» Work order
Wherever a line of the records contains "dute", copy that line.

Material to process below:

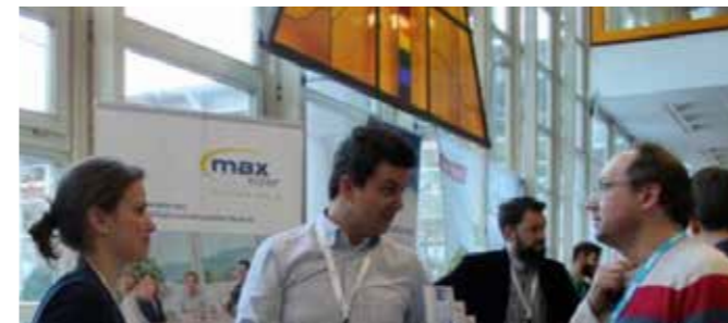
26. ABSI-Jahrestagung 2019 in Rosenheim

Am 24. und 25. Februar 2023 findet als Präsenzveranstaltung der ABSI-Kongress statt. Der Titel „Mit Sonne, Wind & Co. – gemeinsam 100 % unabhängig“ zieht sich als Leitthema durch die Veranstaltung.
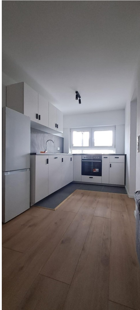
Küche (Beispiel aus gl. Haus)
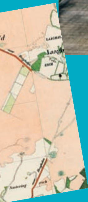
Situatie rond 1895
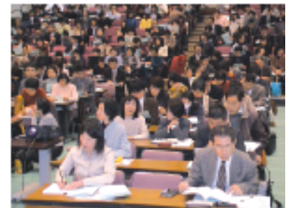
特殊教育セミナー参加者
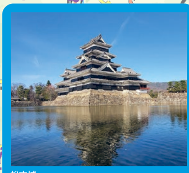
松本城 国宝の「天守」は1593~4年に築造され、現存する五重六階の天守としては日本最古の城。雄大な北アルプスを背景に、四季の移り変わりと共に見事な景観を楽しめます。
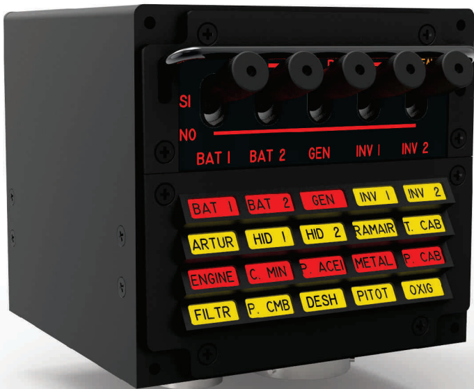
Panel de Alarmas Copiloto

Los paneles de alarmas, que equipan al avión IA-63 Pampa en el puesto piloto y copiloto, centralizan las alarmas WARNING y CAUTION que se generan en la aeronave, las cuales son anunciadas en forma luminosa mediante el encendido simultáneo en cada panel, de la indicación correspondiente, y en forma audible.
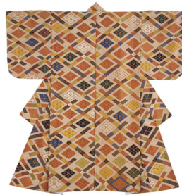
紅地雷文・四ツ花菱文厚板 一領 江戸時代 17世紀 【展示期間：7/31～9/1】
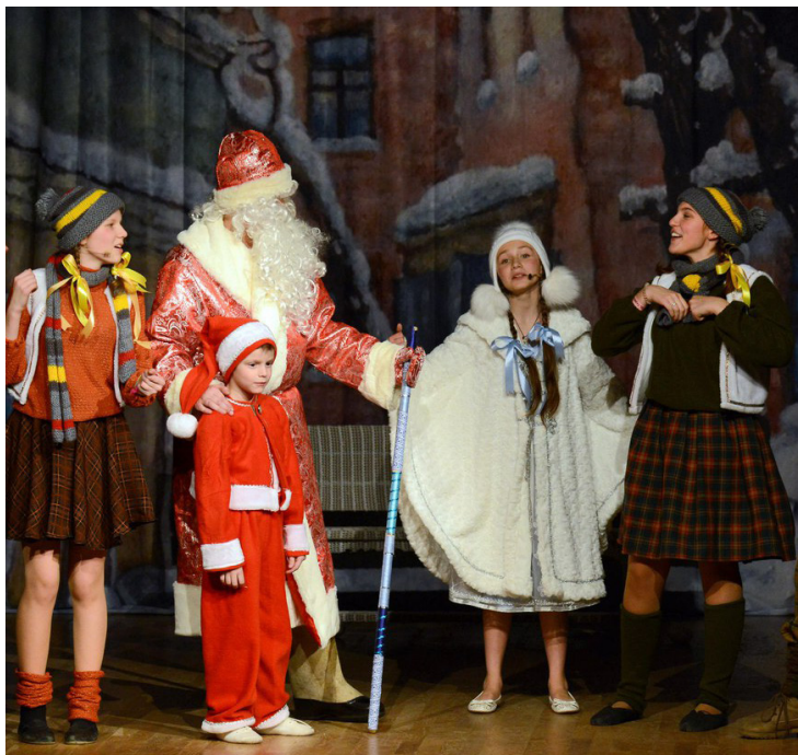
Герои «Снежной сказки» на сцене

Кажется, что к своему «выпускному спектаклю» семиклассники подошли с большим опытом качественной работы, правильным отношением и сплоченным коллективом, готовым к большим вызовам — теперь уже в серьезных Островских спектаклях.
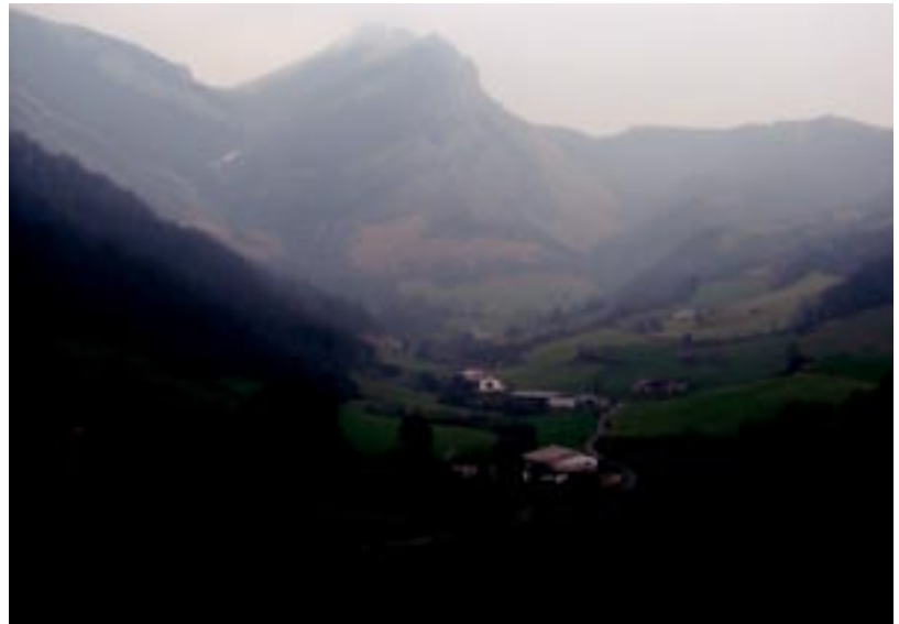
Behorlegi mendia igoko dute mendizaleek heldu den apirilaren 19an. HITZA

Hemendik jaitsierari ekingo diote Auxkira doan errepidea hartu arte. Behin baino gehiagotan gurutzatuko dute errepide hau Bo-
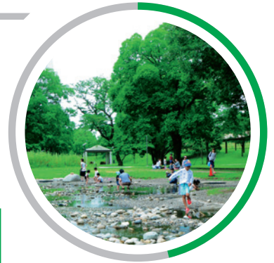
「水と緑が豊かな まちだと思う」 47.6%

レクリエーション・景観・防災など、さまざまな機能を持ち、私たちの暮らしにおいて欠かすことのできない緑地の適正な保全や緑化を、計画的に推進します。また緑化に関わっていない方が多いという結果もあり、引き続き啓発活動を行い、より身近に緑とふれあえる環境づくりを検討します。
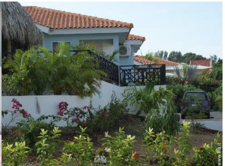
Ambito esterno a disposizione degli ospiti
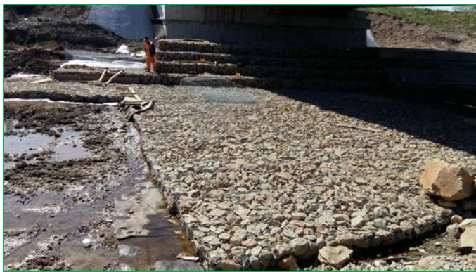
Pod km pr 409+395.64
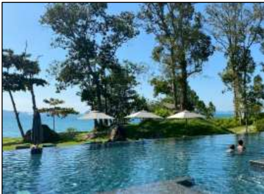
สระว่ายน้ำของโครงการ
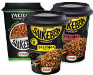
STAR YAKISOBA 93 GR
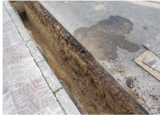
*Urbanización Nueva Andalucía II.
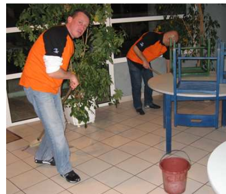
Certaines boivent, d'autres nettoient ...
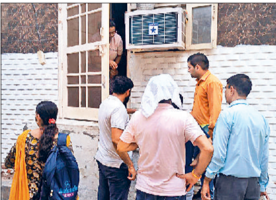
डेंगू को लेकर जागरूकता फैलाई जा रही है। टीम घर-घर जाकर लार्वा जांच कर रही है।
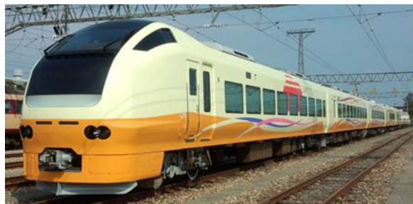
〈 E653系車両 〉

新潟～秋田間運転の特急「いなほ」3往復全てに、E653系を導入し到達時分の短縮と快適性の向上を図ります。 東京～羽後本荘間は、これまでよりも最大16分短縮します。
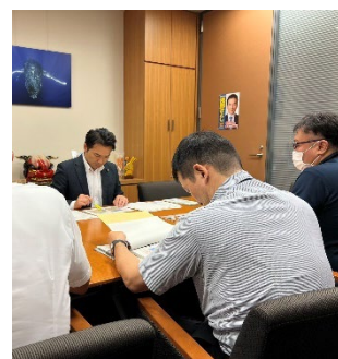
内閣府防災担当者と打合せ
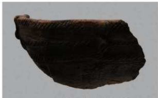
5 J-6出土土器 (第557图36)
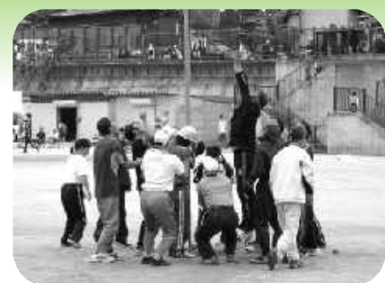
声を合わせてヨイショ!!
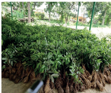
वितरण गर्न ल्याइएको आप, लिच्ची, कागती, अम्बा, रुद्रराक्ष, एभोकाडो को बिरुवाहरू
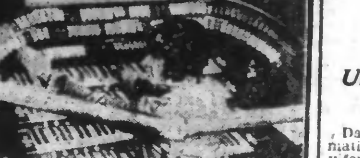
C'est celui du Mecca-Tempel à New-York, qui compte 200 registres et quatre claviers.
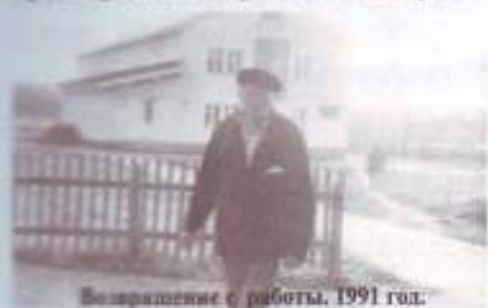
На заднем плане первое здание СПТУ № 34.

Профессионально-техническое училище № 34 основано в 1986 году приказом № 34 от 18. 02. 1986 года Госкомитета РСФСР по профтехобразованию и приказом № 102 от 21. 03. 1986 года Свердловского областного управления по профтехобразованию в селе Большая Лая Пригородного района Свердловской области по улице Зеленая площадь, 11.
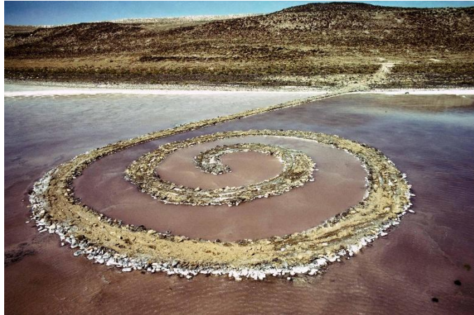
Görsel 5. Robert Smithson, Spiral Jetty , 1970

Petroglifler genellikle doğal ortamlarda; uçurumlarda, mağaralarda veya diğer belirgin kaya yüzeylerinde yaratılmıştır ve bu da onların manzarayla doğrudan bağlantılı olduğunu göstermektedir. Doğal dünyayla bu doğrudan ilişki, çağdaş sanatta, özellikle de sanatçıların manzaranın kendisini tuval veya araç olarak kullandıkları arazi sanatı veya çevre sanatı gibi akımlarda da bir temadır. Robert Smithson'ın ' Spiral Jetty ' adlı eseri ya da Andy Goldsworthy'nin geçici heykelleri gibi ünlü arazi sanatı örnekleri, petroglif geleneğine benzer bir toprakla ilişki çağırır (Görsel 5). Her iki durumda da sanatçı oyma, yerleştirme veya tasarım yoluyla toprak ve peyzajla ilişki kuran eserler yaratmak için doğal unsurları kullanır.
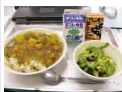
毎日の給食。お子さんが何を食べているかがよく分かりますね。

大泊小学校の通信環境は決してよいとはいえませんが、学校全体で創意工夫をしながら、情報発信に取り組んでいます。また、毎日の給食のメニューなど素朴な情報であっても、情報の更新頻度を高くして、新鮮さを保っていることなどが評価され、今回受賞の運びとなりました。コンテンツのないようはほのぼのとした雰囲気伝わってくるもので、南大隅町のファン作りにも役立っており、地域住民のリテラシー向上にも貢献しています。
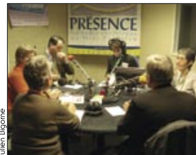
Avec le soutien technique de Radio Présence
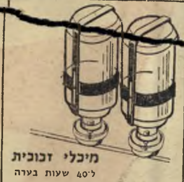
מיכלי זכוכית 40" שעות בערה

המנוע... בומן האחרון קראנו בעתונות פרסימים וגלויי דעת תפלים של חברות שונות לייצור תנורים דומים ל"פיירפרפקט". חברות אלו מנסות
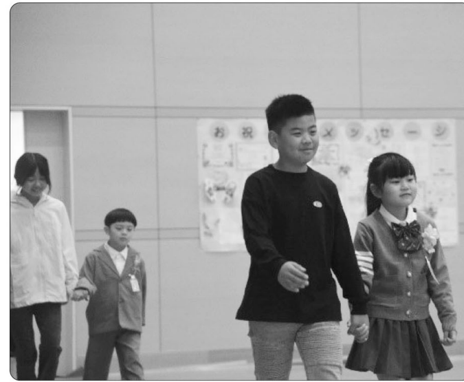
△6年生と一緒に入場

4月11日(金)に第5回入学式が行われ、ぴっかぴかの新1年生59名が香春思永館に入学してきました。6年生のお兄さんお姉さんに手を引かれ、新1年生が式場である体育館に入場してきたときは会場があたたかな雰囲気になりました。校長先生や来賓の方々のお話を聞き、元気づけたいのあいさつや返事ができていました。また、式の最後には在校生を代表して、6年生児童と後期課程の生徒会役員の出し物があり、
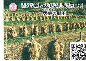
54 古より慈しみ守り続けた原風景 大蔵の棚田
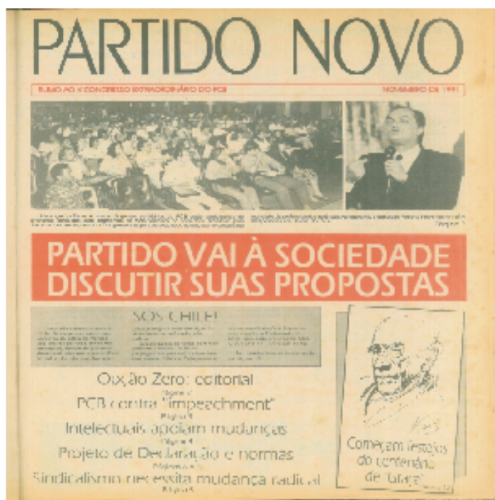
Figura 10 – Primeira página do fascículo de novembro de 1991

O PCB afirma que “vai à sociedade discutir suas propostas”. E, procurando engajar-se nos temas nacionais e internacionais, publica notícias da política brasileira e do exterior. Mas o que irá ocupar a maior parte de suas páginas é justamente o assunto que estava na agenda do dia do Partido: a sua renovação. A busca por um novo nome, um novo símbolo e uma nova sigla demonstrava um desejo de total rompimento do Partido com a dogmatização do pensamento marxista. O que os renovadores
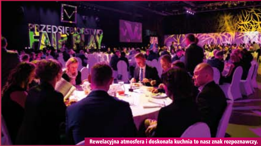
Rewelacyjna atmosfera i doskonała kuchnia to nasz znak rozpoznawczy.
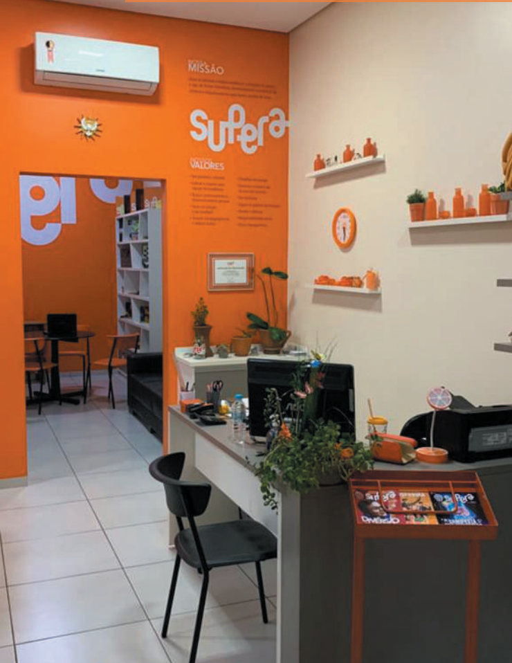
Recepção – A partir daqui, crescimento disciplinado.

End of Material to process.

» Written reply
Behorlegi mendia igoko dute mendizaleek heldu den apirilaren 19an. HITZA
Hemendik jaitsierari ekingo diote Auxkira doan errepidea hartu arte. Behin baino gehiagotan gurutzatuko dute errepide hau Bo-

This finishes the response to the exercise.